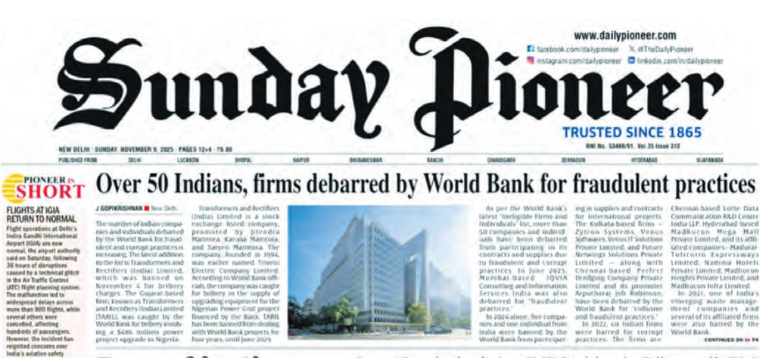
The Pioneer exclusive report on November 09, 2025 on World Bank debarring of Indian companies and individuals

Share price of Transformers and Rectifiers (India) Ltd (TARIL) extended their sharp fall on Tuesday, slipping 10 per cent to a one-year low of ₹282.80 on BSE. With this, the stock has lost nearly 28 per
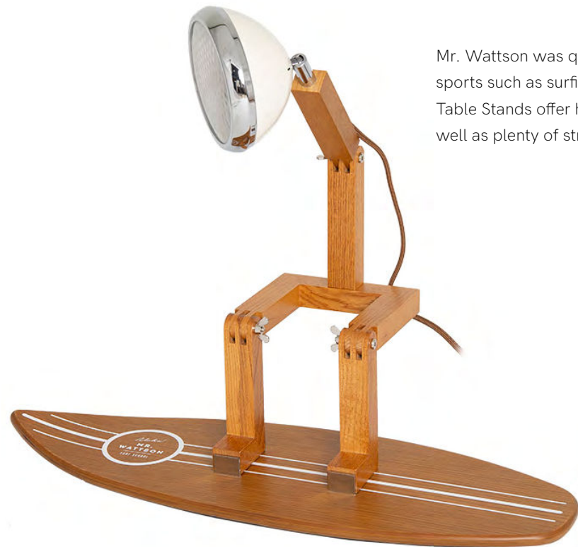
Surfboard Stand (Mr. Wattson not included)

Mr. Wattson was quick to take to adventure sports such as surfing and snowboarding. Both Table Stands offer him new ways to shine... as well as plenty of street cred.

* * *

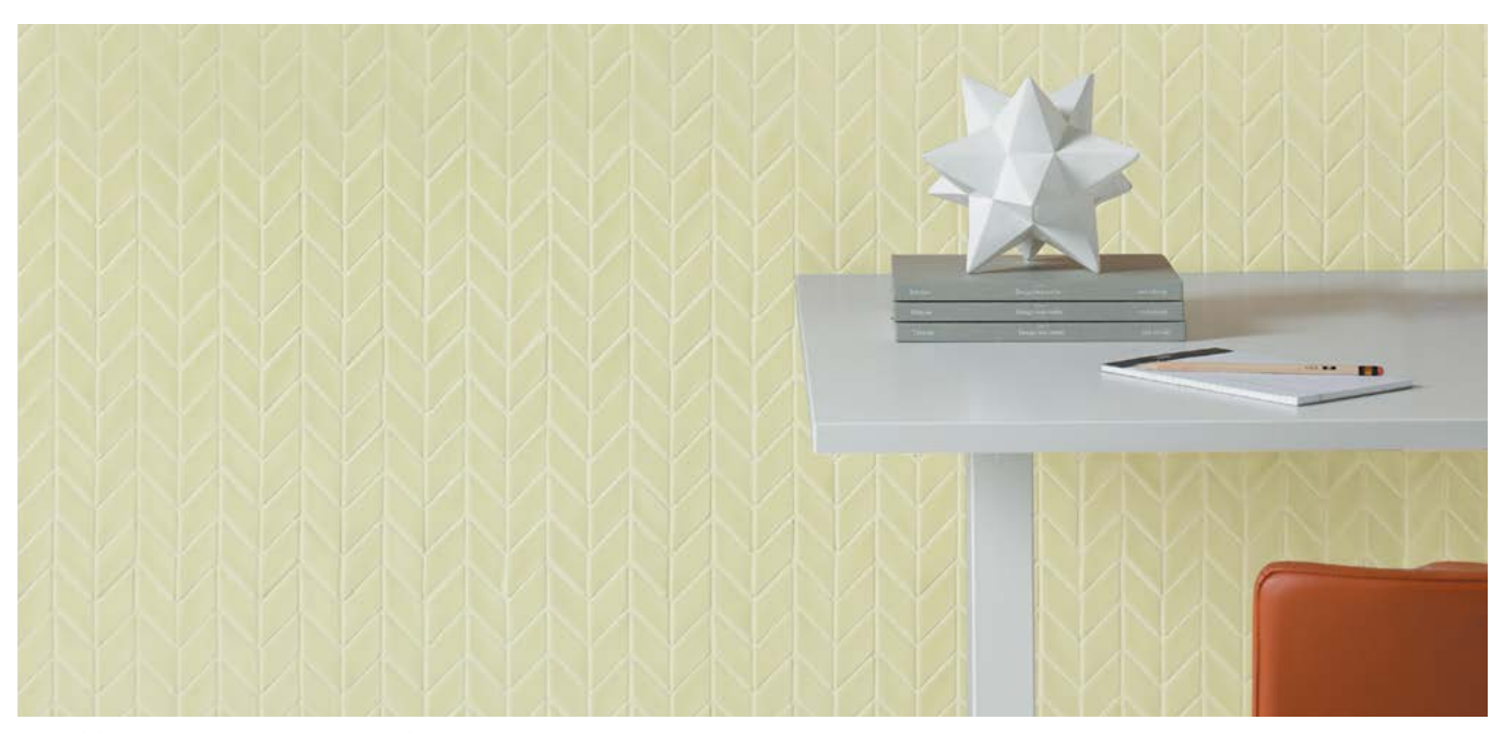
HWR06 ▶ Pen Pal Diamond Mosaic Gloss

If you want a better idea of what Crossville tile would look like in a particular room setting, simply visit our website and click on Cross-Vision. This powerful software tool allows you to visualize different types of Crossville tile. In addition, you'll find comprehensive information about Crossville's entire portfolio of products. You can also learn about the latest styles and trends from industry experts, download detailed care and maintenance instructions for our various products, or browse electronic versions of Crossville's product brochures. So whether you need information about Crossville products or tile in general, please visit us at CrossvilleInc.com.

## EXERCISE DESCRIPTION
Bring together all lines from the listing that contain the word "Wattson".

## WRITTEN REPLY
Surfboard Stand (Mr. Wattson not included)
Mr. Wattson was quick to take to adventure sports such as surfing and snowboarding. Both Table Stands offer him new ways to shine... as well as plenty of street cred.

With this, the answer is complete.